Because the images are not wanted, restate every line below word for word without them.

*** Opening of Exercise data ***

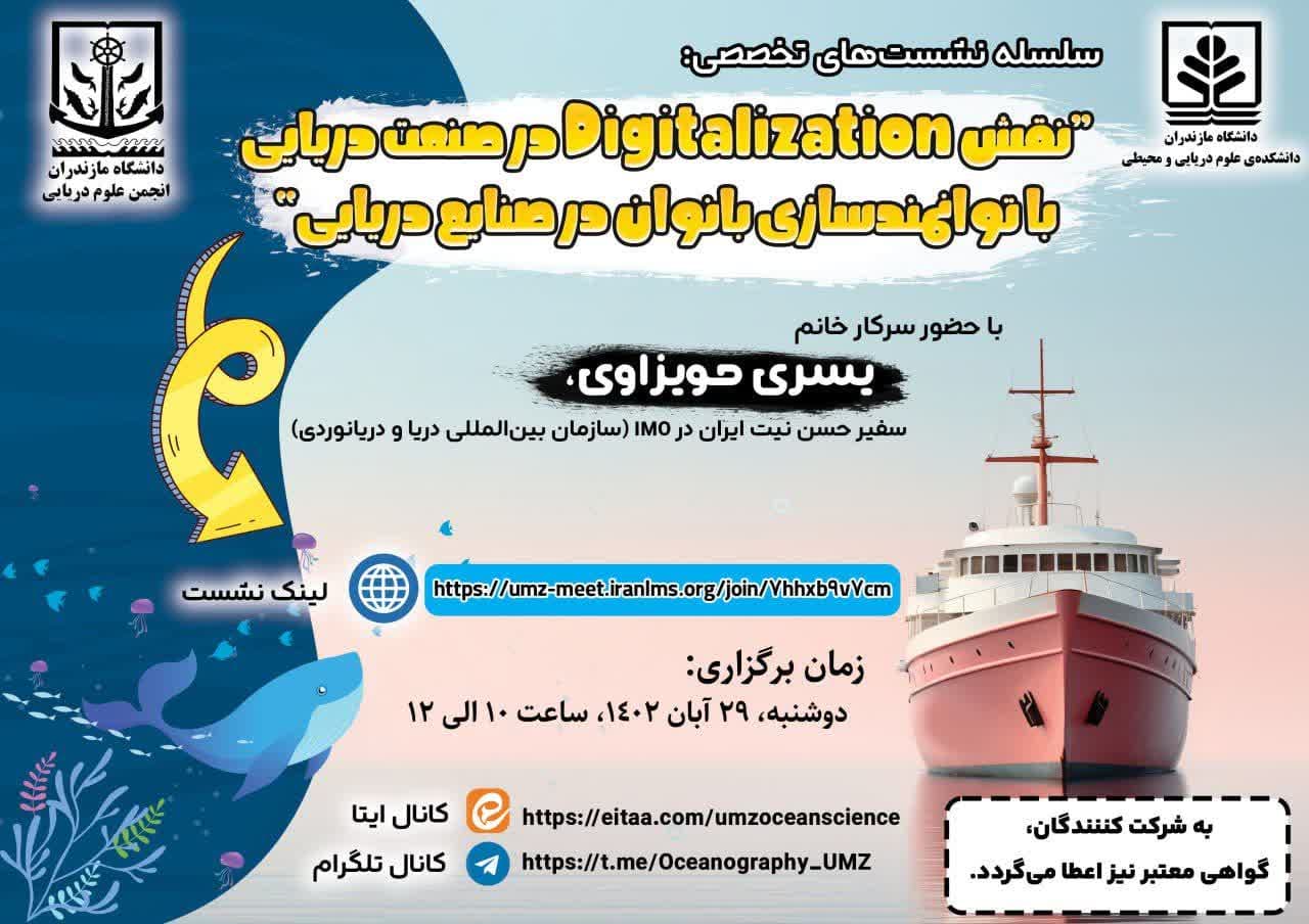 سلسله نشستهای تخصصی: نقش Digitalizaion در صنعت دریایی با توانمندسازی بانوان در صنایع دریایی - دانشگاه مازندران
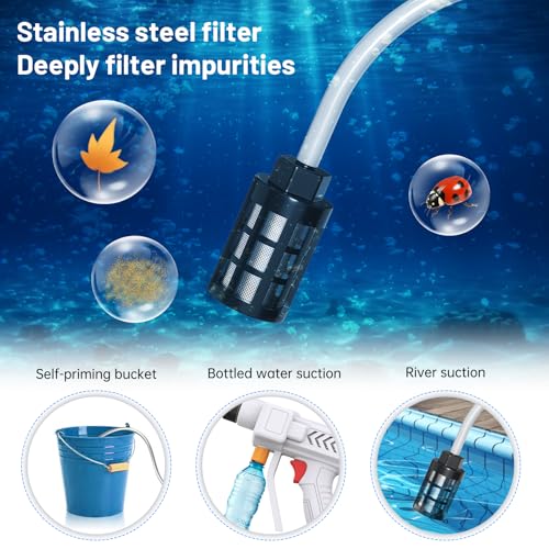 - 💧【Draw Water from Anywhere】 The portable high-pressure washer features a cordless lightweight and compact design and a 16ft hose with a filter basket that can effectively filter impurities, particles, waste leaves, or silt, supports drawing water easily from a bucket, pool, river or any water source but better protect our cordless pressure washer machine, making it an ideal companion for outdoor cleaning tasks like bikes and motorcycles.
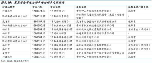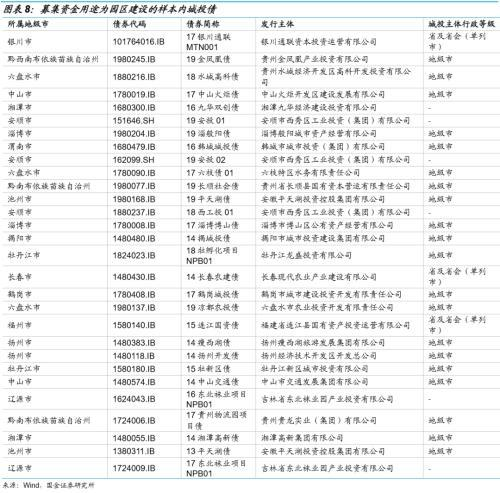 整体上,样本内城投债的募集资金去向中,最主要的一项即为借新还旧。用于借新还旧的城投债主要由中期票据、公司债、短期融资券和私募债构成。除用于借新还旧,大部分样本内企业债所募集的资金被投向了棚户区改造、园区建设等工程建设项目。各类工程建设项目中,政策推进力度较大的主要包括棚户区改造、园区建设、公路及轨道交通和停车场等。
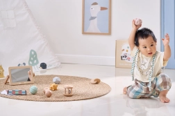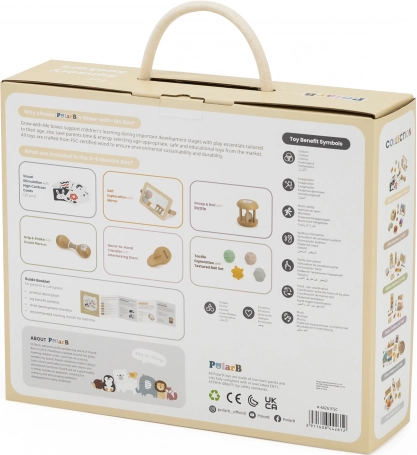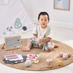 Deze zorgvuldig samengestelde set ondersteunt de natuurlijke ontwikkeling van je baby vanaf de eerste dagen. Hoog-contrast kaarten trainen fixatie en vormherkenning, het houten spiegeltje helpt bij zelfontdekking en tummy time, rammelaars en maracas ontwikkelen ritme, gehoor en coördinatie. De verschillende texturen en vormen van de tactiele ballen stimuleren de fijne en grove motoriek en versterken de greep.
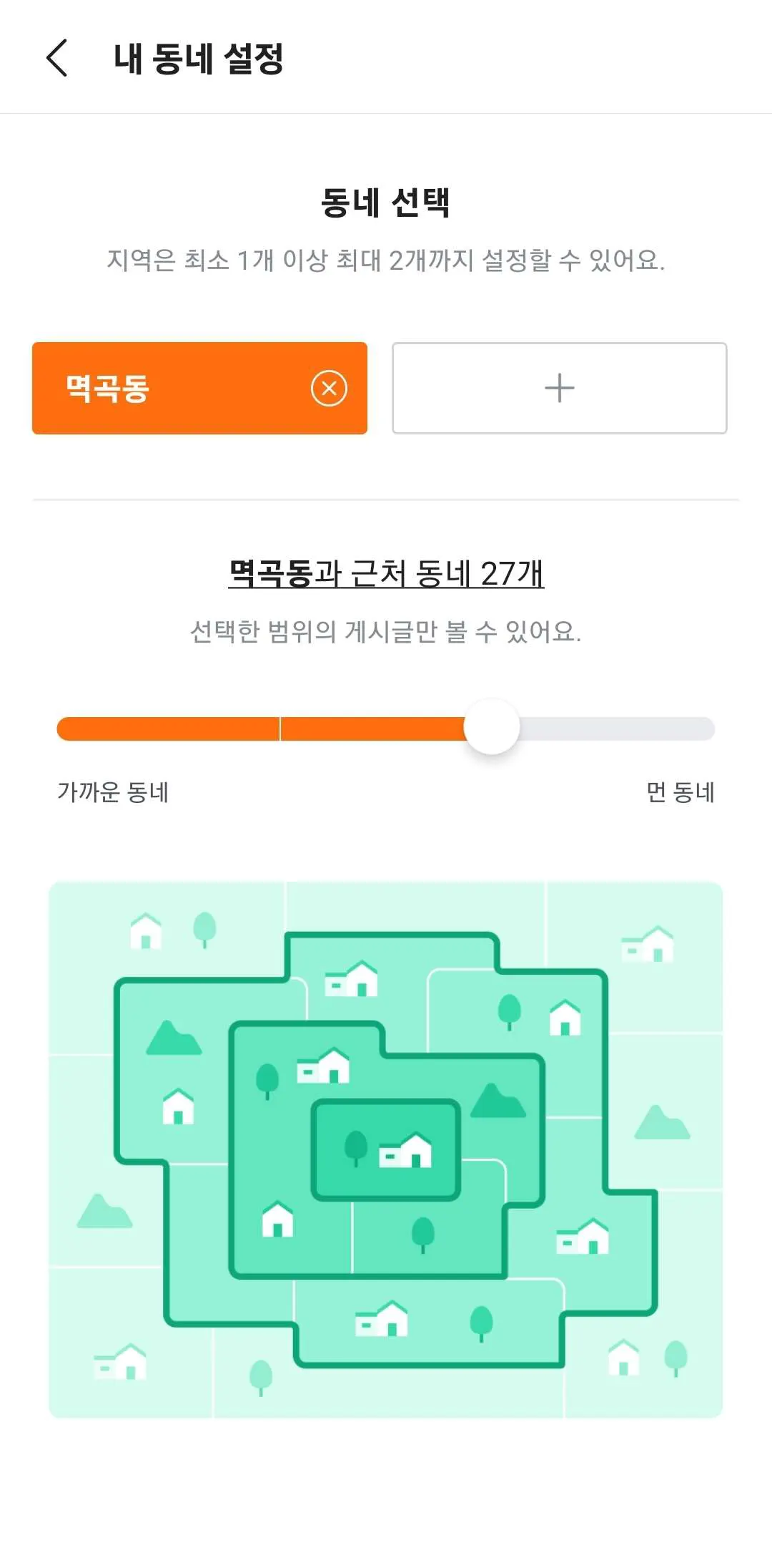 이동수단인 차가 있다면 먼 동네까지 설정하시고 이동수단이 없다면 근처 동네로만 설정하시면 됩니다. 추천하는 거리는 딱 중간입니다. 중간으로 할 경우 멀지도 않고 매물도 적당히 나옵니다.
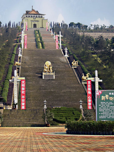 b.祭坛:祭坛是举办大型祭祀活动的区域,也是陵园最重要的精神象征。祭者藉此获得心灵的安慰、精神的鼓励和道德上的自勉。“慎终追远”、“敬天法祖”的民族孝道在此得到文明理性的表现,中国传统仪礼仪规也得以回归和提升。
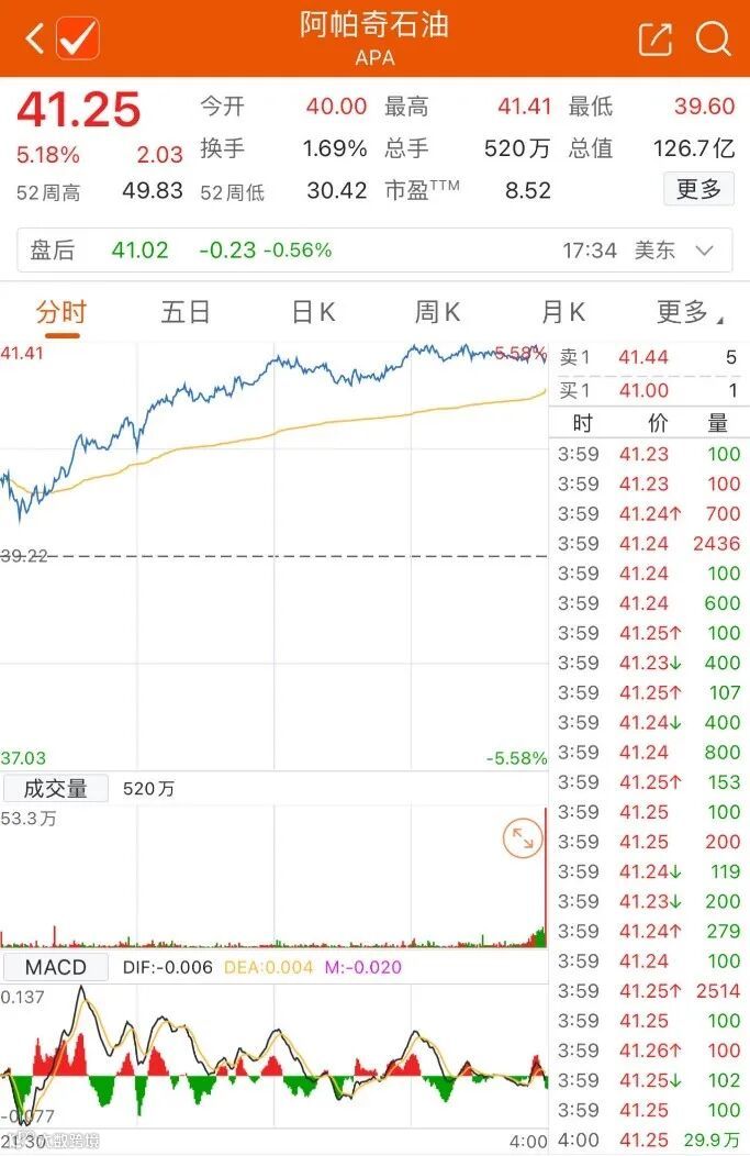受国际油价大幅上涨推动,美股一众能源公司股价走强。阿帕奇石油涨超5%,埃克森美孚、墨菲石油、康菲石油涨超3%,马拉松石油涨超4%,雪佛龙、西方石油、斯伦贝谢涨超1%。
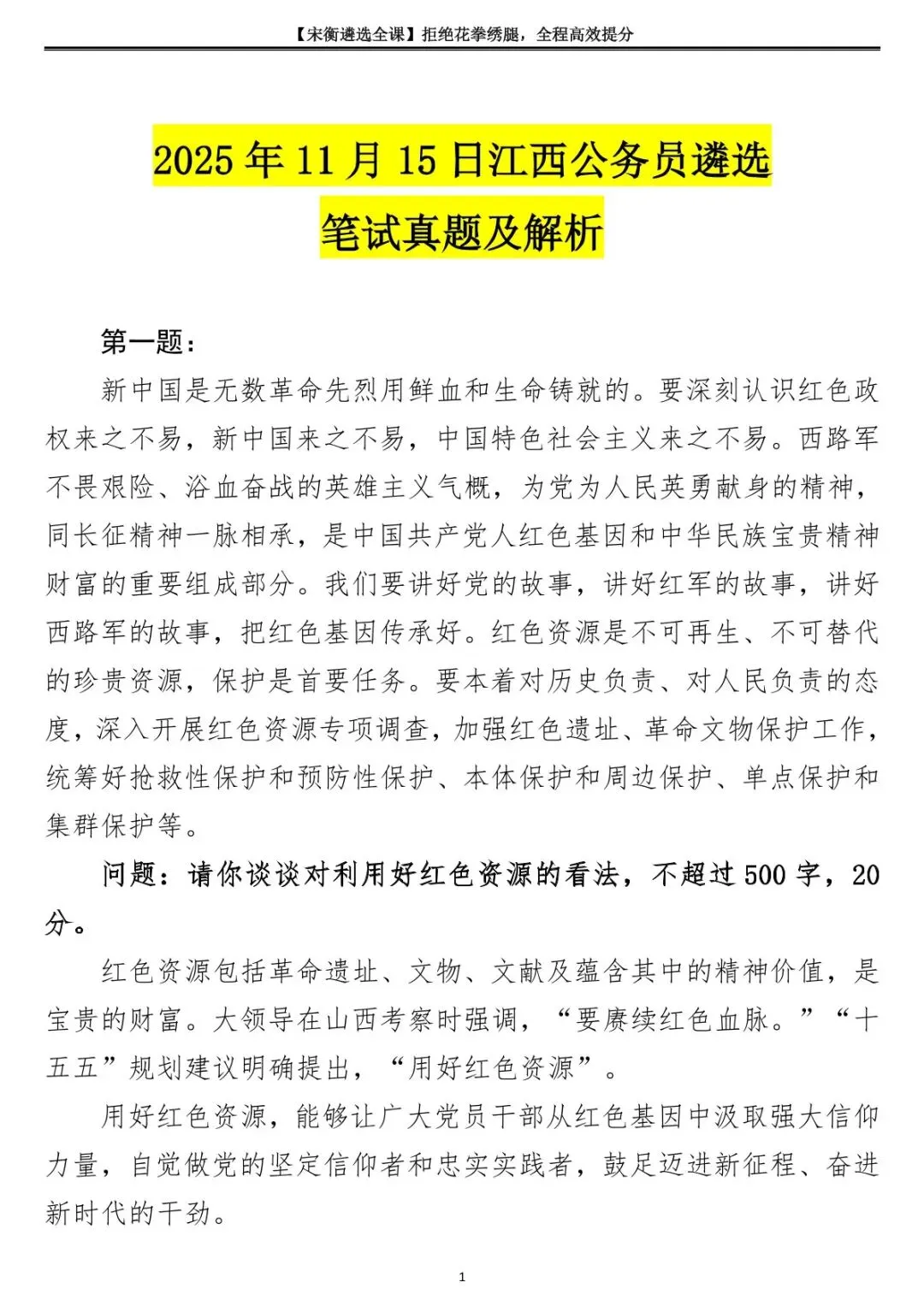 >2025年11月15日江西公务员遴选笔试真题及解析

*** Close of Exercise data ***

Solution below:
 سلسله نشستهای تخصصی: نقش Digitalizaion در صنعت دریایی با توانمندسازی بانوان در صنایع دریایی - دانشگاه مازندران
 - 💧【Draw Water from Anywhere】 The portable high-pressure washer features a cordless lightweight and compact design and a 16ft hose with a filter basket that can effectively filter impurities, particles, waste leaves, or silt, supports drawing water easily from a bucket, pool, river or any water source but better protect our cordless pressure washer machine, making it an ideal companion for outdoor cleaning tasks like bikes and motorcycles.
 整体上,样本内城投债的募集资金去向中,最主要的一项即为借新还旧。用于借新还旧的城投债主要由中期票据、公司债、短期融资券和私募债构成。除用于借新还旧,大部分样本内企业债所募集的资金被投向了棚户区改造、园区建设等工程建设项目。各类工程建设项目中,政策推进力度较大的主要包括棚户区改造、园区建设、公路及轨道交通和停车场等。
 Deze zorgvuldig samengestelde set ondersteunt de natuurlijke ontwikkeling van je baby vanaf de eerste dagen. Hoog-contrast kaarten trainen fixatie en vormherkenning, het houten spiegeltje helpt bij zelfontdekking en tummy time, rammelaars en maracas ontwikkelen ritme, gehoor en coördinatie. De verschillende texturen en vormen van de tactiele ballen stimuleren de fijne en grove motoriek en versterken de greep.
 이동수단인 차가 있다면 먼 동네까지 설정하시고 이동수단이 없다면 근처 동네로만 설정하시면 됩니다. 추천하는 거리는 딱 중간입니다. 중간으로 할 경우 멀지도 않고 매물도 적당히 나옵니다.
 b.祭坛:祭坛是举办大型祭祀活动的区域,也是陵园最重要的精神象征。祭者藉此获得心灵的安慰、精神的鼓励和道德上的自勉。“慎终追远”、“敬天法祖”的民族孝道在此得到文明理性的表现,中国传统仪礼仪规也得以回归和提升。
受国际油价大幅上涨推动,美股一众能源公司股价走强。阿帕奇石油涨超5%,埃克森美孚、墨菲石油、康菲石油涨超3%,马拉松石油涨超4%,雪佛龙、西方石油、斯伦贝谢涨超1%。
 >2025年11月15日江西公务员遴选笔试真题及解析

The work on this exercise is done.